We are expanding language support based on Tree-Sitter Query, which isn't too costly. If you're interested, you can check out the contribution section.

Language Status
Rust
Python
TypeScript
JavaScript
Golang
Java
Kotlin
Swift

You can see the rule files here.

Usage

Python

pip install gossiphs

Analyze your codebase with networkx within 30 lines:

import networkx as nx
from gossiphs import GraphConfig, create_graph, Graph

config = GraphConfig()
config.project_path = "../.."
graph: Graph = create_graph(config)

nx_graph = nx.DiGraph()

for each_file in graph.files():
    nx_graph.add_node(each_file, metadata=graph.file_metadata(each_file))

    related_files = graph.related_files(each_file)
    for each_related_file in related_files:
        related_symbols = set(each_symbol.symbol.name for each_symbol in each_related_file.related_symbols)

        nx_graph.add_edge(
            each_file,
            each_related_file.name,
            related_symbols=list(related_symbols)
        )

print(f"NetworkX graph created with {nx_graph.number_of_nodes()} nodes and {nx_graph.number_of_edges()} edges.")

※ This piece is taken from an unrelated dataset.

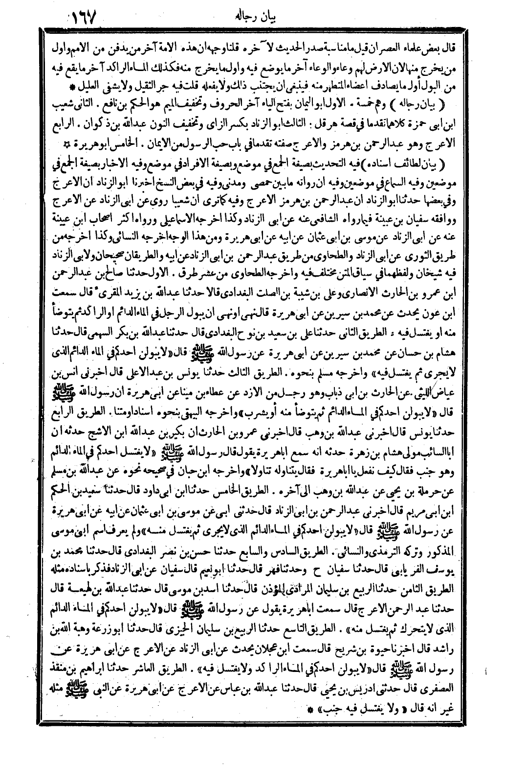 وَأخرجه الطَّحَاوِيّ من عشر طرق: الأول: حَدثنَا صَالح عبد الرحمان بن عَمْرو الْحَارِث الْأنْصَارِيّ، وَعلي بن شيبَة بن الصلات الْبَغْدَادِيّ قَالَا حَدثنَا عبد الله بن يزِيد المقرىء، قَالَ: سَمِعت ابْن عون يحدث عَن مُحَمَّد بن سِيرِين عَن أبي هُرَيْرَة. قَالَ: نهى أَو نهيّ أَن يَبُول الرجل فِي المَاء الدَّائِم، أَو الراكد ثمَّ يتَوَضَّأ مِنْهُ أَو يغْتَسل فِيهِ. الطَّرِيق الثَّانِي: حَدثنَا عَليّ بن سعيد بن نوح الْبَغْدَادِيّ، قَالَ: حَدثنَا عبد الله بن بكر السَّهْمِي، قَالَ: حَدثنَا هِشَام بن حسان عَن مُحَمَّد بن سِيرِين عَن أبي هُرَيْرَة عَن رَسُول الله صلى الله عَلَيْهِ وَسلم، قَالَ: (لَا يَبُول أحدكُم فِي المَاء الدَّائِم الَّذِي لَا يجْرِي ثمَّ يغْتَسل فِيهِ) وَأخرجه مُسلم بِنَحْوِهِ. الطَّرِيق الثَّالِث: حَدثنَا يُونُس بن عبد الْأَعْلَى، قَالَ: أَخْبرنِي أنس بن عِيَاض اللَّيْثِيّ عَن الْحَارِث بن أبي ذياب، وَهُوَ رجل من الأزد، عَن عَطاء بن مينا عَن أبي هُرَيْرَة أَن رَسُول الله صلى الله عَلَيْهِ وَسلم قَالَ: (لَا يبولن أحدكُم فِي المَاء الدَّائِم ثمَّ يتَوَضَّأ مِنْهُ أَو يشرب) وَأخرجه الْبَيْهَقِيّ بِنَحْوِهِ إِسْنَادًا ومتناً. الطَّرِيق الرَّابِع: حَدثنَا يُونُس، قَالَ: أَخْبرنِي عبد الله بن وهب، قَالَ: أَخْبرنِي عَمْرو بن الْحَارِث أَن بكير بن عبد الله بن الْأَشَج حَدثهُ أَن أَبَا السَّائِب، مولى هِشَام بن زهرَة؟ حَدثهُ أَنه سمع أَبَا هُرَيْرَة يَقُول: قَالَ رَسُول الله صلى الله عَلَيْهِ وَسلم: (لَا يغْتَسل أحدكُم فِي المَاء، الدَّائِم وَهُوَ جنب فَقَالَ: كَيفَ تفعل يَا أَبَا هُرَيْرَة؟ فَقَالَ: يتَنَاوَلهُ تناولاً) وَأخرجه ابْن حبَان فِي (صَحِيحه) نَحوه عَن عبد الله بن مُسلم عَن جرملة بن يحيى عَن عبد الله بن وهب إِلَى آخِره. الطَّرِيق الْخَامِس: حَدثنَا ابْن أبي دَاوُد، قَالَ: حَدثنَا سعيد بن الحكم ابْن أبي مَرْيَم، قَالَ: أَخْبرنِي عبد الرَّحْمَن بن أبي الزِّنَاد، قَالَ: حَدثنِي أبي عَن مُوسَى بن أبي عُثْمَان عَن أَبِيه عَن أبي هُرَيْرَة عَن رَسُول الله صلى الله عَلَيْهِ وَسلم، قَالَ: (لَا يبولن أحدكُم فِي المَاء الدَّائِم الَّذِي لَا يجْرِي ثمَّ يغْتَسل مِنْهُ) وَلم يعرف قَاسم اسْم: أبي مُوسَى، الْمَذْكُور وَتَركه التِّرْمِذِيّ وَالنَّسَائِيّ. الطَّرِيق السَّادِس وَالسَّابِع: حَدثنَا حسن بن نَص الْبَغْدَادِيّ، قَالَ: حَدثنَا مُحَمَّد بن يُوسُف الْفرْيَابِيّ، قَالَ: حَدثنَا سُفْيَان (ح) وَحدثنَا فهر، قَالَ: حَدثنَا أَبُو نعيم، قَالَ: سُفْيَان عَن أبي الزِّنَاد، الطَّرِيق الثَّامِن: حَدثنَا الرّبيع بن سُلَيْمَان الْمرَادِي الْمُؤَذّن قَالَ: حَدثنَا أَسد بن مُوسَى قَالَ: حَدثنَا عبد الله بن لهيفة قَالَ: فَذكر بِإِسْنَادِهِ مثله، حَدثنَا عبد الرَّحْمَن الْأَعْرَج، قَالَ: سَمِعت أَبَا هُرَيْرَة يَقُول عَن رَسُول الله صلى الله عَلَيْهِ وَسلم، قَالَ: (لَا يبولن أحدكُم فِي المَاء الدَّائِم الَّذِي لَا يَتَحَرَّك ثمَّ يغْتَسل مِنْهُ) . الطَّرِيق التَّاسِع: حَدثنَا الرّبيع بن سُلَيْمَان الجيزي، قَالَ: حَدثنَا أَبُو زرْعَة وَهبة الله بن رَاشد، قَالَ: أخبرنَا حَيْوَة بن شُرَيْح، قَالَ: سَمِعت ابْن عجلَان يحدث عَن أبي الزِّنَاد عَن الْأَعْرَج عَن أبي هُرَيْرَة عَن رَسُول الله صلى الله عَلَيْهِ وَسلم، قَالَ: (لَا يبولن أحدكُم فِي المَاء الراكد وَلَا يغْتَسل فِيهِ) . الطَّرِيق الْعَاشِر: حَدثنَا إِبْرَاهِيم بن منقذ الْعُصْفُرِي؟ قَالَ: حَدثنِي إِدْرِيس بن يحيى، قَالَ: حَدثنَا عبد الله بن عَبَّاس عَن الْأَعْرَج عَن أبي هُرَيْرَة عَن النَّبِي صلى الله عَلَيْهِ وَسلم مثله، غير أَنه قَالَ: (وَلَا يغْتَسل فِيهِ جنب) .

for src, dest, data in nx_graph.edges(data=True):
    print(f"{src} -> {dest}, related symbols: {data['related_symbols']}")

Output:

NetworkX graph created with 13 nodes and 27 edges.
src/server.rs -> src/main.rs, related symbols: ['server_main']
src/main.rs -> src/graph.rs, related symbols: ['default']
src/main.rs -> examples/mini.rs, related symbols: ['default']
src/main.rs -> src/server.rs, related symbols: ['main']
src/symbol.rs -> src/graph.rs, related symbols: ['link_file_to_symbol', 'list_references', 'list_references_by_definition', 'id', 'enhance_symbol_to_symbol', 'add_file', 'add_symbol', 'list_definitions', 'list_symbols', 'new', 'link_symbol_to_symbol', 'get_symbol']
...

More examples can be found here.

Others

We also provide a CLI and additional usage options, making it easy to directly export CSV files or start an HTTP service.

See usage page.

Goal & Motivation

[!TIP] Create a file relationship index with:

  • low cost
  • acceptable accuracy
  • high versatility for nearly any code repository

Code navigation is a fascinating subject that plays a pivotal role in various domains, such as:

  • Guiding the context during the development process within an IDE.
  • Facilitating more convenient code browsing on websites.
  • Analyzing the impact of code changes in Continuous Integration (CI) systems.
  • ...

In the past, I endeavored to apply LSP/LSIF technologies and techniques like Github's Stack-Graphs to impact analysis, encountering different challenges along the way. For our needs, a method akin to Stack-Graphs aligns most closely with our expectations. However, the challenges are evident: it requires crafting highly language-specific rules, which is a considerable investment for us, given that we do not require such high precision data.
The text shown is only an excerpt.